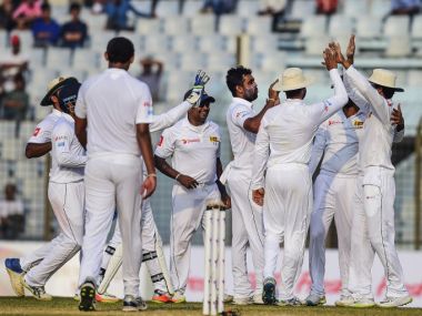 Chittagong: Sri Lanka spinners led by Rangana Herath took three crucial wickets late in day four to leave Bangladesh with an uphill task of saving the opening Test in Chittagong on Saturday. Bangladesh reached 81-3 at stumps, still needing 119 to make Sri Lanka bat again. The visitors declared their first innings at 713-9 in the final session. [caption id=“attachment_4334197” align=“alignleft” width=“380”] Rangana Nerath took three late wickets to leave Bangladesh reeling at the end of Day 4 of the 1st Test. Twitter/@OfficialSLC[/caption] Off-spinner Dilruwan Perera dismissed Imrul Kayes for 19 before left-arm unorthodox bowler Lakshan Sandakan got Tamim Iqbal caught behind for 41. Herath then removed Mushfiqur Rahim for two with his left-arm spin in the last over of the day. Mominul Haque — 18 not out — was at the crease when the players walked back after another run-filled day. Sri Lanka declared their innings in the third over into the final session with a lead of 200 runs in response to Bangladesh’s first innings total of 513. Left-arm spinner Taijul Islam, who returned figures of 4 -219, took two wickets off his successive overs to wrap up the Sri Lankan innnings. Taijul got the all-important wicket of skipper Dinesh Chandimal for 87 before off-spinner Mehedi Hasan removed Niroshan Dickwella for 62 to slow down the Sri Lankan progress. Debutant left-arm spinner Sunzamul Islam got his maiden Test wicket, trapping Dilruwan Perera leg-before for 32. Roshen Silva joined the run fest in the morning session to post his maiden Test century after Sri Lanka resumed on 504-3. He made 109 off 230 balls before becoming the first batsman dismissed on the day. Silva was Sri Lanka’s third century maker of the innings after Kusal Mendis and Dhananjaya de Silva, who made 196 and 173 runs respectively. Mehedi ended Silva’s impressive innings when the right- hander edged a low delivery to wicketkeeper Liton Das. Silva shared a 135-run stand with Chandimal for the fourth wicket and hit six fours and a six.
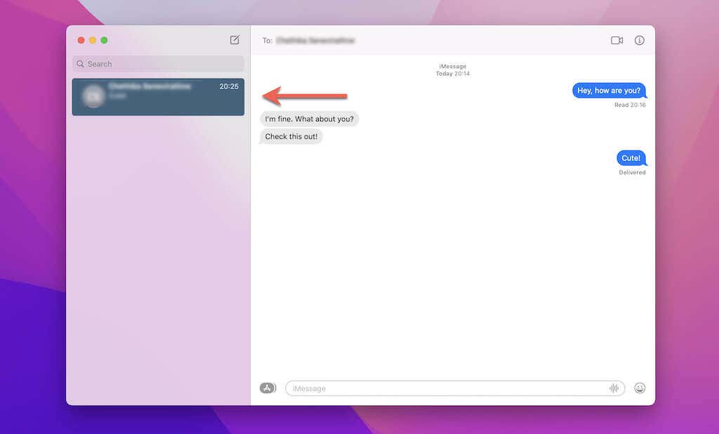 Puede eliminar cualquier texto de SMS o iMessage de los hilos de conversación en la aplicación Mensajes(Messages) de su Mac . Lo mismo se aplica a los archivos adjuntos: videos, imágenes, enlaces, etc. También puede seleccionar y eliminar varios mensajes simultáneamente para acelerar las cosas.
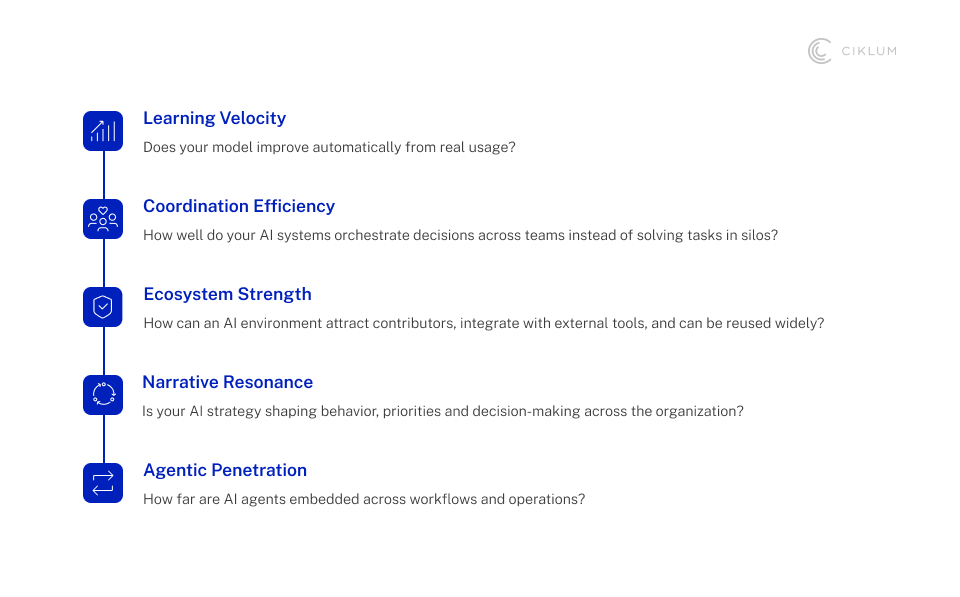 To help organizations diagnose this, Ciklum developed the Five Leading Indicators Framework - a maturity model that reveals whether your AI ecosystem is on a compounding trajectory.

■ ■ ■

**What you should do**
Drop the pictures, then repeat the material word for word.

**Your solution**
 Chittagong: Sri Lanka spinners led by Rangana Herath took three crucial wickets late in day four to leave Bangladesh with an uphill task of saving the opening Test in Chittagong on Saturday. Bangladesh reached 81-3 at stumps, still needing 119 to make Sri Lanka bat again. The visitors declared their first innings at 713-9 in the final session. [caption id=“attachment_4334197” align=“alignleft” width=“380”] Rangana Nerath took three late wickets to leave Bangladesh reeling at the end of Day 4 of the 1st Test. Twitter/@OfficialSLC[/caption] Off-spinner Dilruwan Perera dismissed Imrul Kayes for 19 before left-arm unorthodox bowler Lakshan Sandakan got Tamim Iqbal caught behind for 41. Herath then removed Mushfiqur Rahim for two with his left-arm spin in the last over of the day. Mominul Haque — 18 not out — was at the crease when the players walked back after another run-filled day. Sri Lanka declared their innings in the third over into the final session with a lead of 200 runs in response to Bangladesh’s first innings total of 513. Left-arm spinner Taijul Islam, who returned figures of 4 -219, took two wickets off his successive overs to wrap up the Sri Lankan innnings. Taijul got the all-important wicket of skipper Dinesh Chandimal for 87 before off-spinner Mehedi Hasan removed Niroshan Dickwella for 62 to slow down the Sri Lankan progress. Debutant left-arm spinner Sunzamul Islam got his maiden Test wicket, trapping Dilruwan Perera leg-before for 32. Roshen Silva joined the run fest in the morning session to post his maiden Test century after Sri Lanka resumed on 504-3. He made 109 off 230 balls before becoming the first batsman dismissed on the day. Silva was Sri Lanka’s third century maker of the innings after Kusal Mendis and Dhananjaya de Silva, who made 196 and 173 runs respectively. Mehedi ended Silva’s impressive innings when the right- hander edged a low delivery to wicketkeeper Liton Das. Silva shared a 135-run stand with Chandimal for the fourth wicket and hit six fours and a six.
 Puede eliminar cualquier texto de SMS o iMessage de los hilos de conversación en la aplicación Mensajes(Messages) de su Mac . Lo mismo se aplica a los archivos adjuntos: videos, imágenes, enlaces, etc. También puede seleccionar y eliminar varios mensajes simultáneamente para acelerar las cosas.
 To help organizations diagnose this, Ciklum developed the Five Leading Indicators Framework - a maturity model that reveals whether your AI ecosystem is on a compounding trajectory.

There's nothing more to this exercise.